New York Loses Federal Appeal Over Millennium Gas Line Project
The state argued that a federal agency was wrong when it said the Department of Environmental Conservation had waived its oversight of the project by failing to decide on the application within a mandated one-year time frame.
March 12, 2018 at 05:38 PM
4 minute read
New York state lost a jurisdiction dispute with the Federal Energy Regulatory Commission Tuesday, after the U.S. Court of Appeals for the Second Circuit declined to review whether the federal energy regulator had big-footed the state when it gave the green light to a controversial natural gas pipeline project in Orange County.
The panel of U.S. Circuit Judges José Cabranes, Debra Ann Livingston and Susan Carney denied the petition for review of two orders by the FERC, made by the New York Department of Environmental Conservation, that authorized Millennium Pipeline Co. to begin construction of a natural gas pipeline to service a local power plant.

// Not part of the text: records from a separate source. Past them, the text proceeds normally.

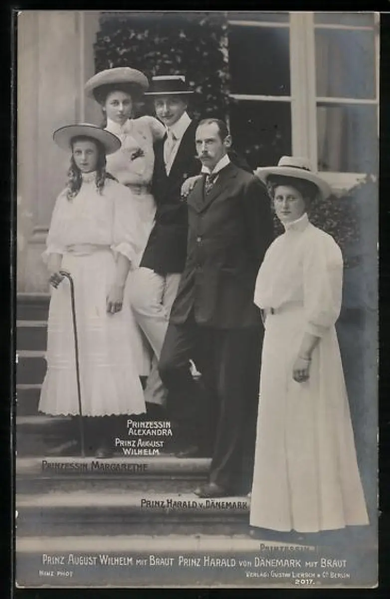 AK Prinz August Wilhelm mit Braut und Prinz Harald von Dänemark mit Braut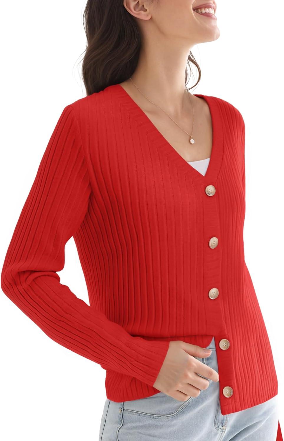 Women’s Lightweight Cardigan Fall Cozy Cardigan Sweaters V Neck Ribbed Button Up 2025 Trendy(Red)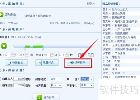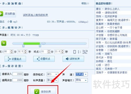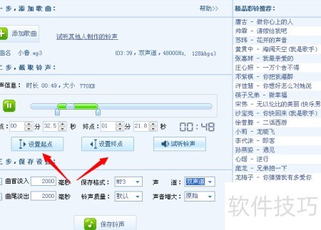 3、 选取歌曲起始与结束位置,截取40至50秒为最佳铃声长度。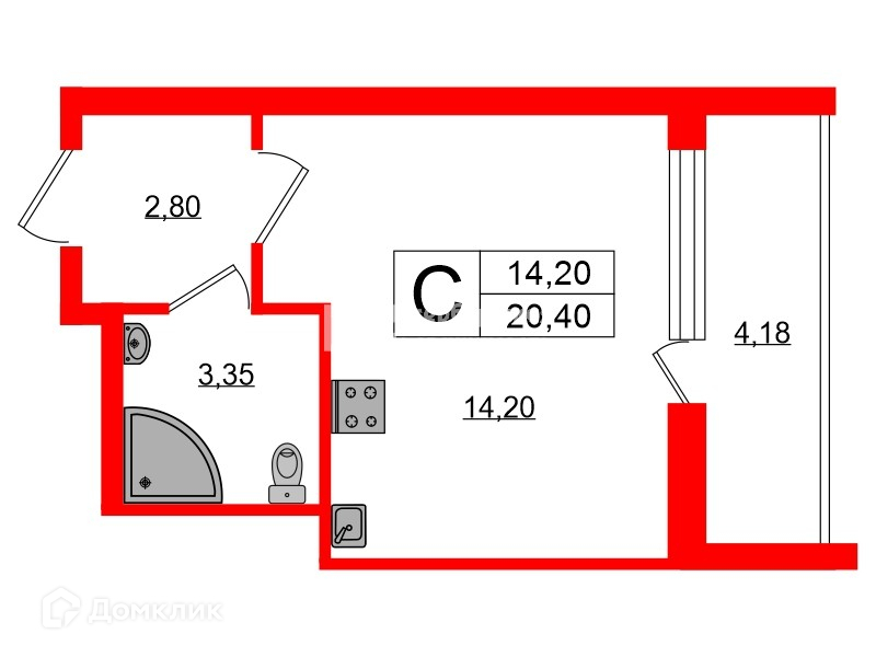 Общая площадь 20.4 м2

Millennium had sought approval of the project from both the FERC and DEC, since the federal Clean Water Act requires projects that potentially impact local waterways to have state water quality certification. The company began the process in mid-November 2015. After subsequent requests for more information to complete its incomplete application, the DEC said it would need until the end of August 2017 to review Millennium's application.
In an attempt to expedite the project, Millennium ultimately was directed in a separate legal action by the U.S. Court of Appeals for the District of Columbia to seek remedy for delay from the FERC, which had already preliminary approved the project.
In July 2017, Millennium requested the federal commission find that the state department had waived its authority under the Clean Water Act, which provides states with a one-year time frame to decide on certification requests. Despite DEC denial of Millennium's application on Aug. 30, 2017—nearly two years since the company's initial submission—the FERC agreed with Millennium a few weeks later, ultimately giving the company the go-ahead to begin construction in October.
Two issues in the dispute were presented to the Second Circuit panel. First, Millennium petitioned the court over the DEC's decision. Second, the DEC petitioned the appellate court for review of the FERC's waiver order.
The panel, then, looked at whether the FERC was correct in finding the DEC waived its right to act on Millennium's application, and whether FERC's jurisdiction under federal law—in this case, the Natural Gas Act—gave it the authority to accept and review Millennium's application.
The panel found that the FERC was right in both regards.
Reviewing the plain language of the Clean Water Act, the panel found the statue “outlines a bright-line rule regarding the beginning of review.” The state's argument that the time limit applies only to complete applications would “blur the bright-line rule into a subjective standard, dictating that applications are 'complete' only when state agencies decide that they have all the information they need,” the panel wrote.
Concerns that enforcing the one-year language would mean rendering premature decisions were “misplaced,” the panel said. It noted a number of options remained available to the department, like denying without prejudice or requesting withdrawal and resubmission.
The panel noted that the issue of jurisdiction was raised by the landowning intervenors, not the DEC, and decided to exercise discretion to “entertain a new argument.”
The Natural Gas Act gives the FERC “plenary authority” over natural gas in interstate commerce situations. The Orange County line, which is linked to interstate pipelines that both run in and out of New York, is just such a line. Despite being entirely inside the state, Millennium's pipeline then falls under FERC's jurisdiction.
A FERC spokesperson declined to comment, citing the commission's policy to not comment on court proceedings.
In a statement sent by a spokeswoman, the DEC said it was aware of the decision and was “reviewing our options to determine any appropriate next steps regarding this pipeline project.”
Private attorney Carolyn Elefant, who represented the landowner interveners, said her clients were disappointed by the decision.
“My clients expended substantial efforts to involve themselves in the [pipeline authorization] process and as a result of this decision, my clients' input will be ignored,” she said in a statement.